Seeing Found RunInstances parameters override. in clustermgtd.log when cluster creation failed, or in slurm_resume.log when run job failed

If you are using run instances override JSON file, check that you correctly set the queue name and the compute resources name in the /opt/slurm/etc/pcluster/run_instances_overrides.json file.

Seeing An error occurred (InsufficientInstanceCapacity) in slurm_resume.log when I fail to a run job, or in clustermgtd.log when I fail to create a cluster

Using PG-ODCR (Placement Group ODCR)

When creating an ODCR with an associated placement group, the same placement group name must be used in the configuration file. Set the corresponding placement group name in the cluster configuration.

Using zonal Reserved Instances

If you are using zonal Reserved Instances with PlacementGroup / Enabled to true in the cluster configuration, you might see an error, such as the following:

We currently do not have sufficient trn1.32xlarge capacity in the Availability Zone you requested (us-east-1d). Our system will be working on provisioning additional capacity. You can currently get trn1.32xlarge capacity by not specifying an Availability Zone in your request or choosing us-east-1a, us-east-1b, us-east-1c, us-east-1e, us-east-1f.

You might see this because the zonal Reserved Instances aren't placed in the same UC (or spine), which can cause insufficient capacity errors (ICEs) when using placement groups. You can check this case by disabling the PlacementGroupGroup setting in the cluster configuration to determine if the cluster can allocate the instances.

Seeing An error occurred (VcpuLimitExceeded) in slurm_resume.log when I fail to run a job, or in clustermgtd.log, when I fail to create a cluster

Check the vCPU limits on your account for the specific EC2 instance type that you are using. If you see zero or fewer vCPUs than you are requesting, request an increase for your limits. For information about how to view current limits and request new limits, see Amazon EC2 service quotas in the Amazon EC2 User Guide for Linux Instances.

Seeing An error occurred (InsufficientInstanceCapacity) in slurm_resume.log when I fail to run a job, or in clustermgtd.log, when I fail to create a cluster

You are experiencing an insufficient capacity issue. Follow to troubleshoot the issue.

Seeing nodes are in DOWN state with Reason (Code:InsufficientInstanceCapacity)...

You are experiencing an insufficient capacity issue. Follow to troubleshoot the issue.

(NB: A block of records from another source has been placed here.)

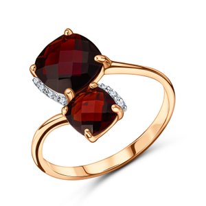 Золотое кольцо с гранатом и фианитами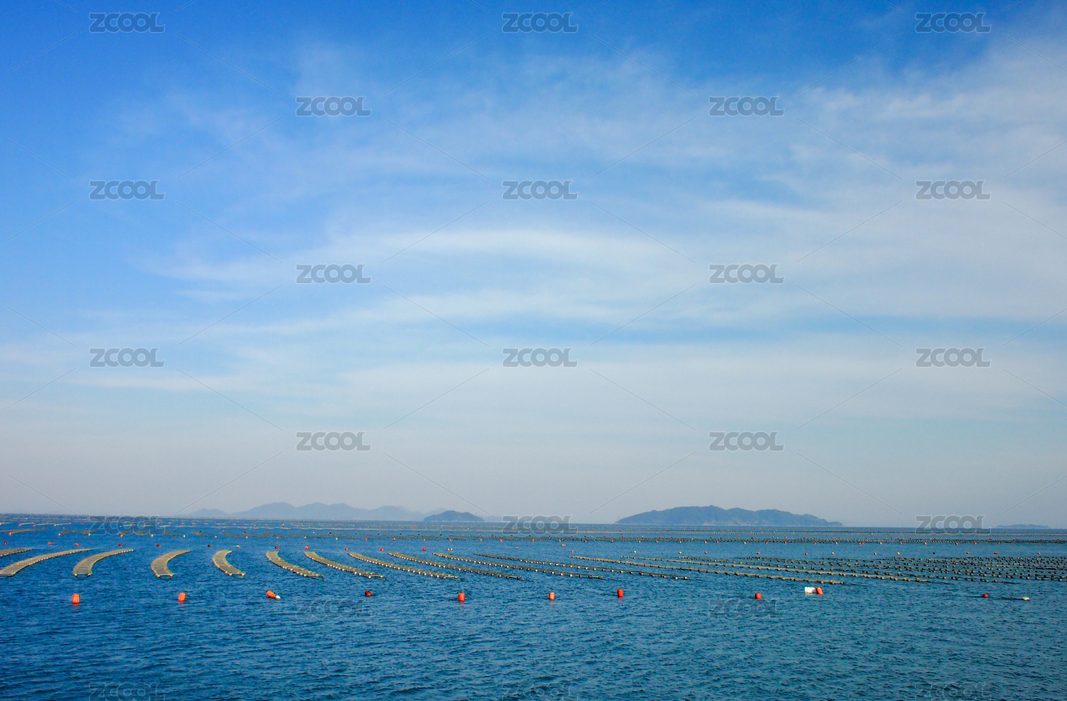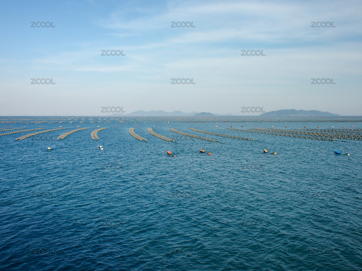 韓國全羅南道莞島郡的大海與海上養(yǎng)殖場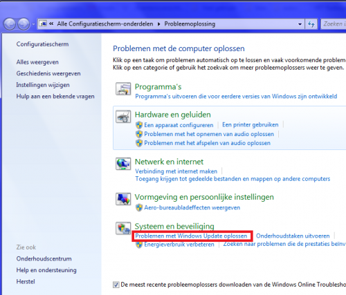 Je kan de probleemoplosser gebruiken om Windows Update te repareren: 1. Ga naar het startmenu en typ het woord probleemoplosser. Druk nog niet op enter. 2. Kies dan bovenaan in het menu voor "Problemen detecteren en oplossen". 3. Onderaan bij de groene tekst "Systeem en beveiliging" kiest u voor "Problemen met Windows Update oplossen". (zie rode kader in onderstaande afbeelding!) Auteur: Kurtt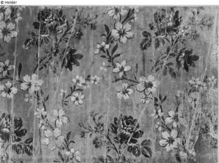 Fundmeldung Wachstuchtapete mit Blüten in Weiß, Gelb, Rot auf Grün Hersteller/Künstler:in Unbekannt (Frankreich) Objektart Kunsthandwerk / -gewerbe Material / TechnikTextil (Leinen) ; Öl / grundiert ; bemaltLost Art-ID620731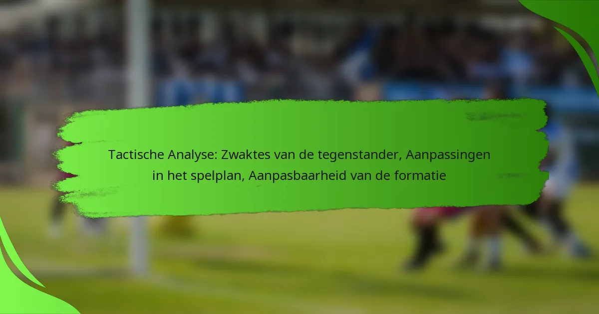 Tactische analyse in de sport richt zich op de kritische aanpassingen tijdens de wedstrijd die door coaches en spelers worden gemaakt om zich aan te passen aan de zich ontvouwende dynamiek van een wedstrijd. Door tactische flexibiliteit te benadrukken, kunnen teams hun strategieën in real-time aanpassen, waardoor ze beter in staat zijn om tegenstanders te weerstaan en zwaktes te exploiteren. Daarnaast is het essentieel om de sleutelrollen van spelers binnen deze kaders te begrijpen, aangezien de bijdragen van elk individu direct invloed hebben op de algehele prestaties en effectiviteit van het team op het veld.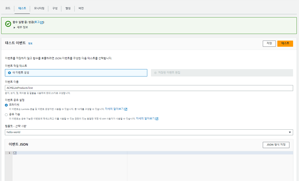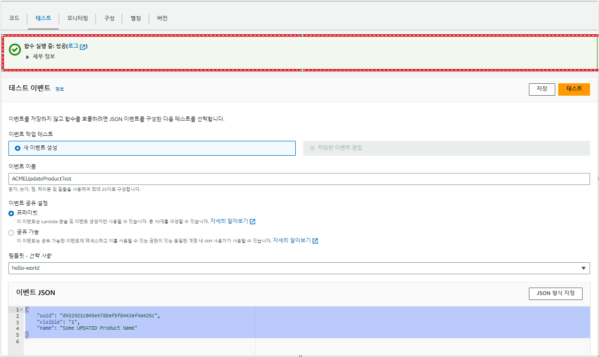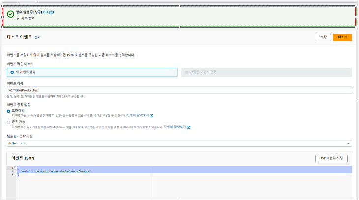 다른 메소드들의 테스트는 앞서 API의 LAMDA 생성시 사용한 테스트 코드를 입력 후 테스트를 진행 하면 됩니다.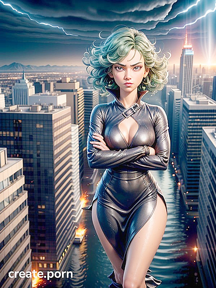 3D, Tatsumaki (One Punch Man), Top Down, Standing, Wind in Hair, 20+, Angry, Green Hair, Skinny, Small Breast, Dress, City, Rain, arms crossed , mouth close , her feet are hovering up in the air , mini people in the city , mini people are running for their lives , tsunami taking out mini people , meteor falling from the sky , tornados in the background , Giant tsunami is washing away everything in the city , climactic , cinematic , buildings exploding , world on fire , waves crashing into skyscrapers , aerial view over city , city destroyed , disaster strikes the city , her face is upset , flowy dress in the wind , she is flying , accurate human hands and limbs , Collapsed building | Made With NSFW AI Porn Generator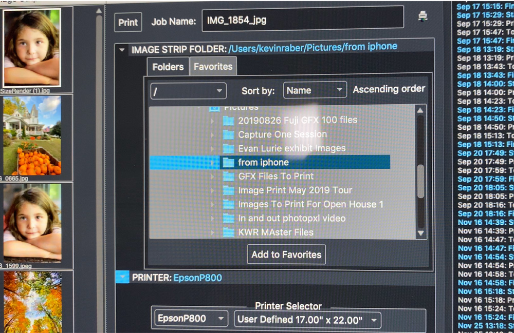 I then sent these files to my studio, where I have four different printers. Using my Epson P800, I made 13×19 and 17×22 prints. My printing workflow works through ImagePrint software by Colorbyte. I dragged the file onto the layout tool and then sized the image to have a one-inch border around the printed image. I am a big fan and user of ImagePrint. It provides the best color profiles out there and is one of the most versatile printing solutions there is. See my other articles and videos on ImagePrint here and here.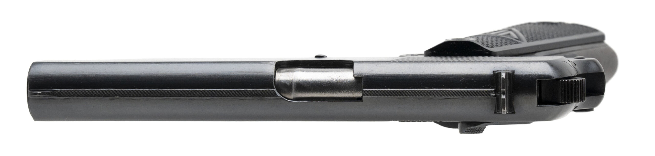 Serial No. D8043, manufactured circa late 1944, chambered in 9mm with a 4 ¾” round barrel. Serial numbers are matching, with WaA77 Waffenamt markings clearly visible on both the slide and frame. Retains 98% of a high-quality reblued finish, with minimal handling wear noted. Grips are in excellent condition. Action is smooth and functions correctly. A well-preserved example of this iconic WWII-era sidearm.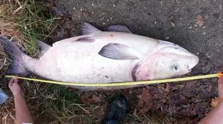W końcu rybę udało się wyciągnąć. Jednak i to, jak mówi mężczyzna, nie było proste. Najpierw wędkarze chcieli umieścić ją w podbieraku, ale zmieściła się w nim tylko głowa zwierzęcia. - Ostatecznie kolega, który był ze mną w pontonie, zaczął ją wyciągać, a ja musiałem podtrzymywać go za pasek - śmieje się wędkarz.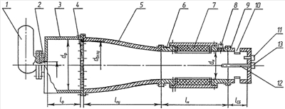 где Fперф – площадь перфорации диафрагмы, Fф – площадь сечения форкамеры, Fок – площадь выпускных окон, Fм – площадь сечения мерного газохода, а расстояние от среза сопла газогенератора до диафрагмы lд=1,5÷2dм, длина переходного участка газохода lпер=2,5÷3dм, диаметр форкамеры dф=1,7÷2dм, где dм – диаметр мерного участка газохода.

For more information about AWS ParallelCluster's fast insufficient capacity fail-over mode, see Slurm cluster fast insufficient capacity fail-over.

Seeing cannot change locale (en_US.utf-8) because it has an invalid name in slurm_resume.log

This can occur if you have an unsuccessful yum installation process that left the locale settings in an inconsistent state. For example, this can be caused when a user terminates the install process.

To verify the cause, take the following actions:
  • Run su - pcluster-admin.

    The shell shows an error, such as, cannot change such file or directory.

  • Run localedef --list.

    Returns an empty list or doesn't contain the default locale.

  • Check the last yum command with yum history and yum history info #ID. Does the last ID have Return-Code: Success?

    If the last ID doesn't have Return-Code: Success, the post-install scripts might not have run successfully.

To fix the issue, try rebuilding the locale with yum reinstall glibc-all-langpacks. After the rebuild, su - pcluster-admin doesn't show an error or warning if the issue is fixed.

None of the previous scenarios apply to my situation

To troubleshoot compute node initialization issues, see Troubleshooting node initialization issues.

Check to see if your scenario is covered in GitHub Known Issues at AWS ParallelCluster on GitHub.

For additional support, see Additional support.